### Work order
In this exercise, write out the data word for word and leave every image out.

### Data extract
************

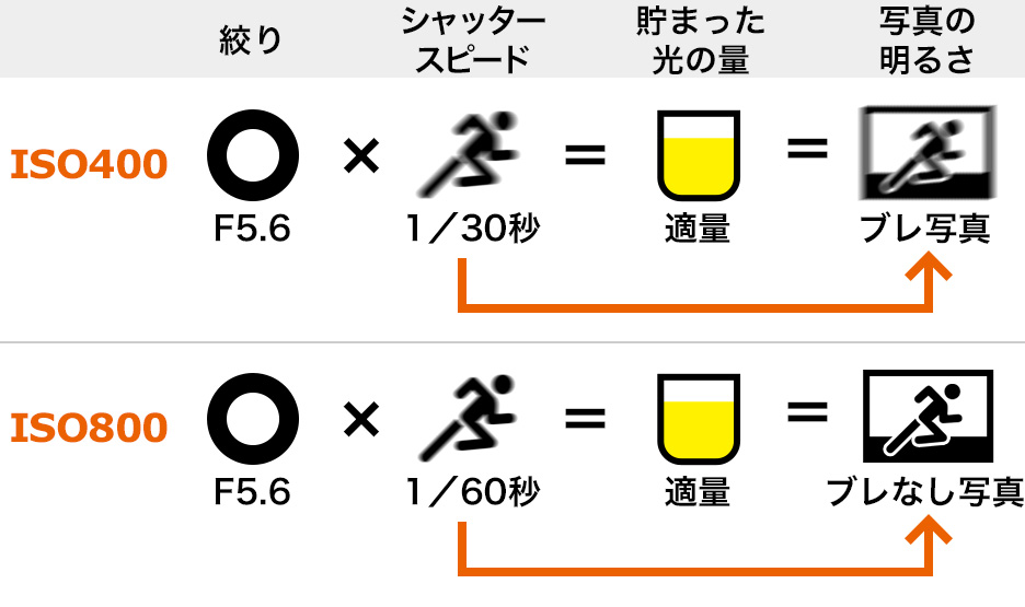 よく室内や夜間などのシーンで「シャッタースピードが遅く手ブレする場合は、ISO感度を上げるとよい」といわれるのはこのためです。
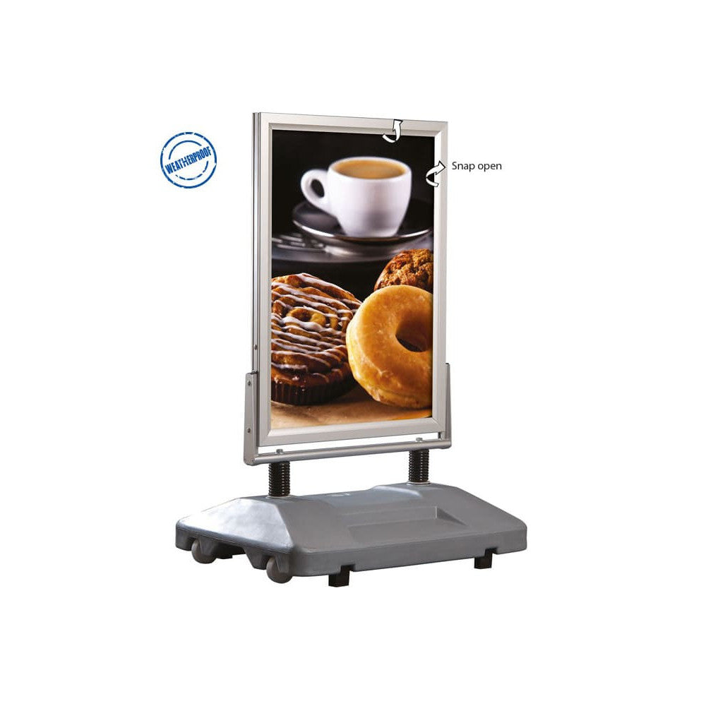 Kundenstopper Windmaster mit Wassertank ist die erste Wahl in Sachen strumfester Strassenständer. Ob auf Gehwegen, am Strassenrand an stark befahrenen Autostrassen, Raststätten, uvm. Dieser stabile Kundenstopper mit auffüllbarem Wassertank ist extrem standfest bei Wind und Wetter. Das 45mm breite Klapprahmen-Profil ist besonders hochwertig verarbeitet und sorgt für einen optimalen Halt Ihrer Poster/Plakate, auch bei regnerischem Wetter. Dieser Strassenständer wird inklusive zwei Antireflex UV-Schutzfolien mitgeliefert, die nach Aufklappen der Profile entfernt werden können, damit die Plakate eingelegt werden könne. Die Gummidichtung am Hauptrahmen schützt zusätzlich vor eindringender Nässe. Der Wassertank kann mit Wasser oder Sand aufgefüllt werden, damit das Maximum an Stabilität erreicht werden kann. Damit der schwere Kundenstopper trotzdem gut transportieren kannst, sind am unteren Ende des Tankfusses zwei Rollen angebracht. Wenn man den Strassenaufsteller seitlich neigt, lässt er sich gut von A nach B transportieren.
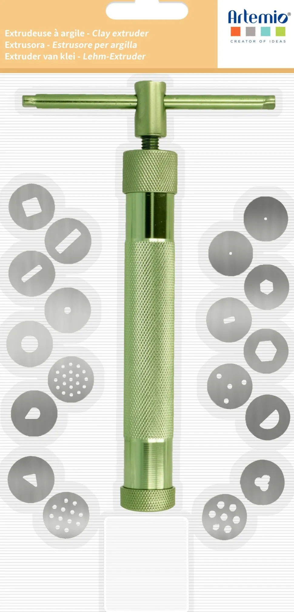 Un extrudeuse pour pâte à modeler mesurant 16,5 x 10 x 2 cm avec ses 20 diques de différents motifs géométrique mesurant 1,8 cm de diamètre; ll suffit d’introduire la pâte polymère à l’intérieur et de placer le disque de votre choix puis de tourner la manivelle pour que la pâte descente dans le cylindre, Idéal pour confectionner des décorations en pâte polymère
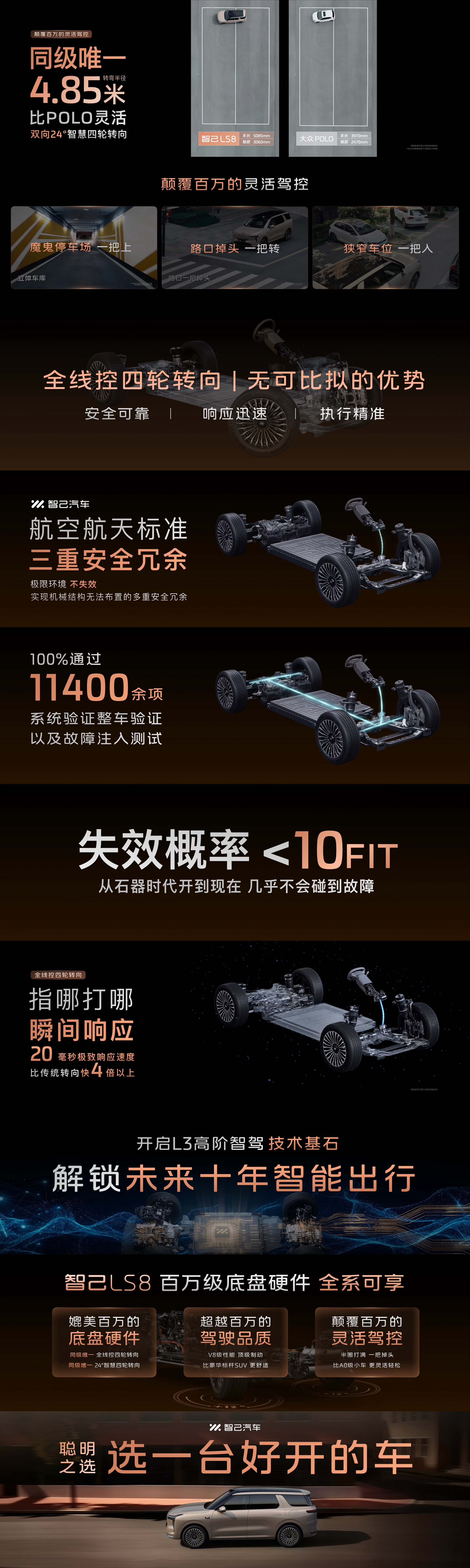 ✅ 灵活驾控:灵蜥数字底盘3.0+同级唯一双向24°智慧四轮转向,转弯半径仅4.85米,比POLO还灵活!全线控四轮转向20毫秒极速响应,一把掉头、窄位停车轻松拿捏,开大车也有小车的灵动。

************

### Your solution
 よく室内や夜間などのシーンで「シャッタースピードが遅く手ブレする場合は、ISO感度を上げるとよい」といわれるのはこのためです。
 Kundenstopper Windmaster mit Wassertank ist die erste Wahl in Sachen strumfester Strassenständer. Ob auf Gehwegen, am Strassenrand an stark befahrenen Autostrassen, Raststätten, uvm. Dieser stabile Kundenstopper mit auffüllbarem Wassertank ist extrem standfest bei Wind und Wetter. Das 45mm breite Klapprahmen-Profil ist besonders hochwertig verarbeitet und sorgt für einen optimalen Halt Ihrer Poster/Plakate, auch bei regnerischem Wetter. Dieser Strassenständer wird inklusive zwei Antireflex UV-Schutzfolien mitgeliefert, die nach Aufklappen der Profile entfernt werden können, damit die Plakate eingelegt werden könne. Die Gummidichtung am Hauptrahmen schützt zusätzlich vor eindringender Nässe. Der Wassertank kann mit Wasser oder Sand aufgefüllt werden, damit das Maximum an Stabilität erreicht werden kann. Damit der schwere Kundenstopper trotzdem gut transportieren kannst, sind am unteren Ende des Tankfusses zwei Rollen angebracht. Wenn man den Strassenaufsteller seitlich neigt, lässt er sich gut von A nach B transportieren.
 Un extrudeuse pour pâte à modeler mesurant 16,5 x 10 x 2 cm avec ses 20 diques de différents motifs géométrique mesurant 1,8 cm de diamètre; ll suffit d’introduire la pâte polymère à l’intérieur et de placer le disque de votre choix puis de tourner la manivelle pour que la pâte descente dans le cylindre, Idéal pour confectionner des décorations en pâte polymère
 ✅ 灵活驾控:灵蜥数字底盘3.0+同级唯一双向24°智慧四轮转向,转弯半径仅4.85米,比POLO还灵活!全线控四轮转向20毫秒极速响应,一把掉头、窄位停车轻松拿捏,开大车也有小车的灵动。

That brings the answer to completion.